Alternative scenarios leading to discordant gene number in LHB/CGB gene clusters in these two species are less supported. A minimum of three rearrangement events (Figure 1B) would have been required for the chimpanzee-specific deletion: loss of CGB and psNTF6A gene accompanied with the inversion of CGB2 and intergenic region B' (giving rise to CGB1B and chimp B'), and a separate deletion of region C' in chimp. Also the scenario of human-specific duplication (Figure 1B) would have required at least three events: an inversion of CGB1B and intergenic region Ch-B' (giving rise to part of Hu-B' and CGB2); either a direct duplication and translocation of CGB8 gene along with psNTF6A' or an inverted duplication and translocation of CGB5 along with psNTF6G' (resulting in CGB and psNTF6A), and a direct duplication and translocation of intergenic region C creating Hu-C' next to CGB1 gene.

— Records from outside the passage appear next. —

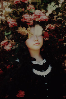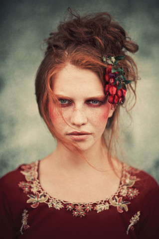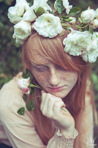 I love everything about this piece. The contrast of the eyes and flowers. The freckles on the face with the dots on the shirt. The hair flowing into the shirt. The center symmetry.. Well thought out and creatively unique piece. No complaints!
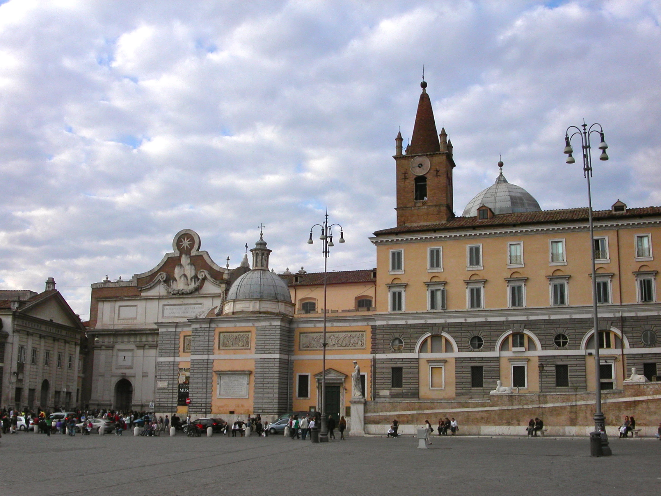 Santa Maria del Popolo is a a minor basilica, a 15th century parish, titular and convent church on the north side of the Piazza del Popolo (at number 12) in the rione Campo Marzio. It is located right next to the Porta del Popolo. Pictures of the church on Wikimedia Commons are here. There is an English Wikipedia page here.
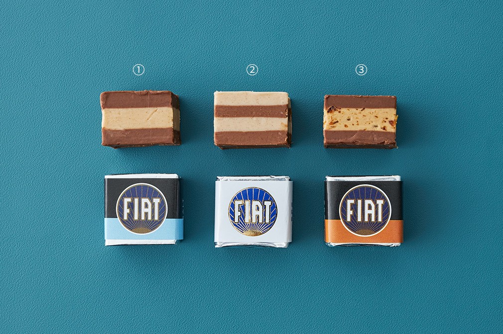 마야니만의 독보적인 4겹 초콜릿 1911년,이탈리아의 자동차 회사인 ‘피아트(FIAT)’는 최초의 4인승 승용차를 만든 것을 기념하며,이탈리아 전역의 초콜릿 브랜드를 대상으로 콘테스트를 개최하였는데요. 그 중 4겹 초콜릿을 개발한 마야니가 우승하였고,‘크레미노 피아트’라는 이름으로 특허를 취득했답니다. 이후 크레미노 피아트 초콜릿은 전 세계의 미식가들에게 사랑받으며 마야니의 시그니처 초콜릿으로 거듭났어요.

A number of gene families have been characterized where the gene number differs between human and chimpanzee due to species-specific indels [7, 21]. To our knowledge, this is the first report where parallel independent duplications arisen within the same region in human and chimpanzee genomes give the best explanation for the observed structural differences between two sister-species. However, there are examples of independent duplications among primates resulting in convergent functions. A more recent duplication of X-linked opsin gene in New World howler monkeys (Alouatta seniculus and Alouatta caraya) compared to Old World primates, has lead to full trichromacy [22–24] and also there are independently arisen functionally close genes within the Growth Hormone/Somatomammotropin genome cluster in New World monkeys and Old World monkeys/hominoid lineages [20, 25].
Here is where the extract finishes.